Before Sunset (2004)

Director: Richard Linklater

Writers: Ethan Hawke, Julie Delpy, Richard Linklater

Stars: Ethan Hawke, Julie Delpy

Before Sunset, Richard Linklater’s follow-up to his well-received 1995 date movie Before Sunrise, is to me is the most effectively emotional, wonderfully acted, and masterfully contrived romance in the history of film.  In Before Sunrise, having just broken up with his long-time girlfriend (he was dumped), directionless college student Jesse (Ethan Hawke) spends a daylong whirlwind romance with spunky french beauty Celine (Julie Delpy).  The film ends on a major cliffhanger, with the young lovers promising to meet each other on a certain day at a certain place in six months.  As Before Sunset begins, it’s been 9 years, and Jesse is on a publicity tour for his new novel, This Time, which is a fictionalized account of the night he and Celine spent together almost a decade ago.  He stops to do a book signing in Paris, and just before leaving the bookstore he sees Celine, a beautiful vision from the past.  Together, they have another day of romance, in which they speak at great length about their their lives and their feelings, and we see it all.

I say that we see all of it because at the moment during Jessie’s book signing when he first sees Celine, we begin to follow them, completely without cuts.  The entire film is one extended conversation between these two former lovers, wherein we see that in their time apart the love they shared has not shriveled up, and is more intensely felt than ever.  At the moment Jesse first sees Celine he is answering a question about future book ideas, and as he first sets eyes on her, he is in the middle of saying “. . . and it’s obvious to him that time is a lie.”  This is significant, to me, because at the moment when he sees her, he is transported back to the way he felt on their first night together.  In the moment when they first set eyes on each other, a huge set of powerful and contradictory emotions is written on each of their faces, and these emotions are brought fully by the masterful performances of the two leads.

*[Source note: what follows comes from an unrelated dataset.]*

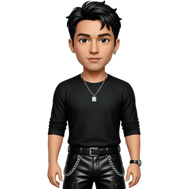 Marky Chavez, Rock Singer with black metallic sleeveless t-shirt, black metallic baggy pants with chain, necklace and earrings emoji

Hawke and Delpy (who also co-wrote the script along with director Richard Linklater) step into the characters of Celine and Jesse easily, imbuing each with intense emotion.  Hawke, as Jesse, spends most of the film staring at Delpy’s Celine, mesmerized by her beauty and absorbed by everything she says.  Delpy’s Celine is extremely intelligent and self-possessed, but when Jesse is near her jabbering to himself, she can’t tear herself away.  Both characters spend the film trading monologues, each fascinated by everything the other says, and filled with heavy longing.  I’ve seen it many times, and I would recommend, when watching the film, watching the face of the character being spoken to rather than the one speaking.  The silent emotion on each of their faces is the core of the film.

The emotion constantly spilling onto the characters faces is so obvious that I could not help but feel the same.  In one scene, late in the film, when Jesse describes two recurring dreams he has about her, Celine reaches her hand out, almost touching the back of his head, before pulling her hand back, embarrassed.  This moment, to me, perfectly describes the relationship of these two star-crossed lovers.  He is entirely obsessed with her, she is always on his mind and filling him with love.  She in turn is intoxicated with him, and is as devoted to him as he is to her.  If I’ve seemed to get a bit flowery and romantic in my language, it is only a consequence of having just re-watched Before Sunset.  I whole-heartedly recommend the film, for its intelligence, its acting, and most of all for its flood of emotion.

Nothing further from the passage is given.